### ABOUT THIS TASK
Pictures excluded, reproduce exactly the lines below from the one with "interpetsに今年も参加します! | on" through the one with "Temperature variation trends", both included.

RECORDS SHOWN START

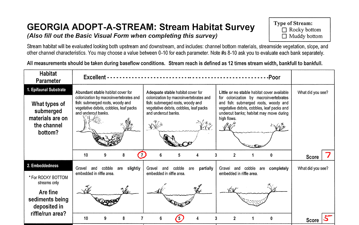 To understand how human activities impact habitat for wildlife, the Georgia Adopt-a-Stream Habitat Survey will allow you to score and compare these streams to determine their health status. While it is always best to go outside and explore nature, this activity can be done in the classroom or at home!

RECORDS SHOWN END
RECORDS SHOWN START

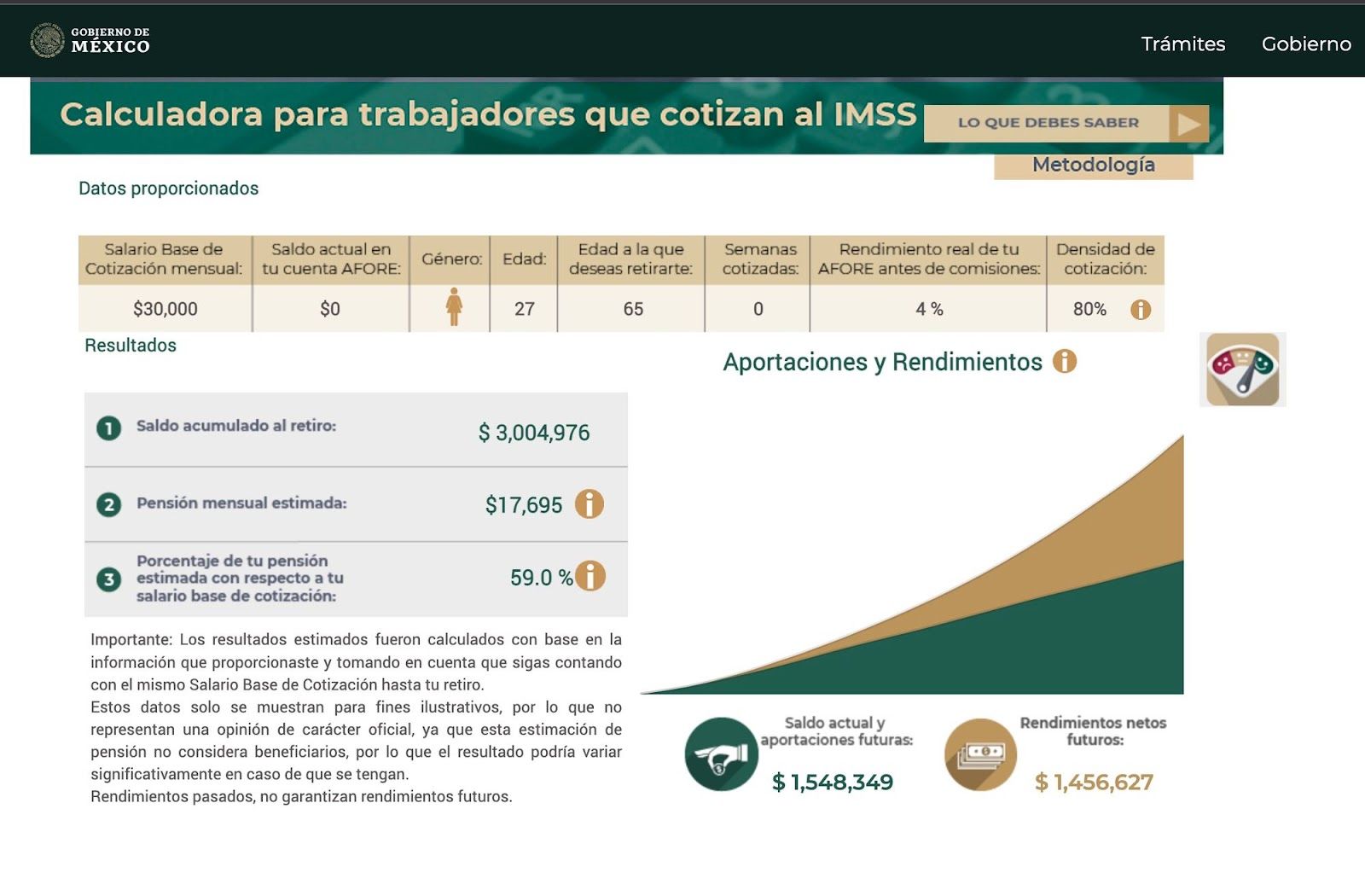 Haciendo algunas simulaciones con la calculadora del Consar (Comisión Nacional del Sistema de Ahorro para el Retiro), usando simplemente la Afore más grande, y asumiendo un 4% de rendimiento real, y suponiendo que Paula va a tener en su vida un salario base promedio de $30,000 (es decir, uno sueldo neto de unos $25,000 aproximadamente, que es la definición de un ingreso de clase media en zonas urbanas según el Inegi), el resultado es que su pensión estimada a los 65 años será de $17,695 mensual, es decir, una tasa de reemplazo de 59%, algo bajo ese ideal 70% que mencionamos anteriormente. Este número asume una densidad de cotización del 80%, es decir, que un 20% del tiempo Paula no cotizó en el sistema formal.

RECORDS SHOWN END
RECORDS SHOWN START

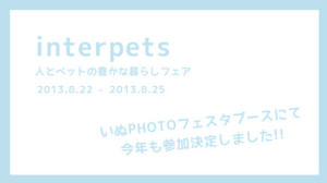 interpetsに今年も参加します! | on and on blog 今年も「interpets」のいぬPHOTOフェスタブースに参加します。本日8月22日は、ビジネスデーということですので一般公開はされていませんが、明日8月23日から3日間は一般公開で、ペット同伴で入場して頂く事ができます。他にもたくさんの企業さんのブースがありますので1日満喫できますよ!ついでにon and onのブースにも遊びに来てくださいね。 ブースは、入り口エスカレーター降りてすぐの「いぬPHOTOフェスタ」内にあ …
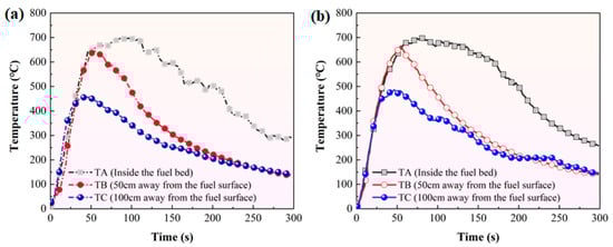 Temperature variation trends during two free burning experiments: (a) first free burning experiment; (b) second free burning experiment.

RECORDS SHOWN END

### ANSWER BOX
 interpetsに今年も参加します! | on and on blog 今年も「interpets」のいぬPHOTOフェスタブースに参加します。本日8月22日は、ビジネスデーということですので一般公開はされていませんが、明日8月23日から3日間は一般公開で、ペット同伴で入場して頂く事ができます。他にもたくさんの企業さんのブースがありますので1日満喫できますよ!ついでにon and onのブースにも遊びに来てくださいね。 ブースは、入り口エスカレーター降りてすぐの「いぬPHOTOフェスタ」内にあ …
 Temperature variation trends during two free burning experiments: (a) first free burning experiment; (b) second free burning experiment.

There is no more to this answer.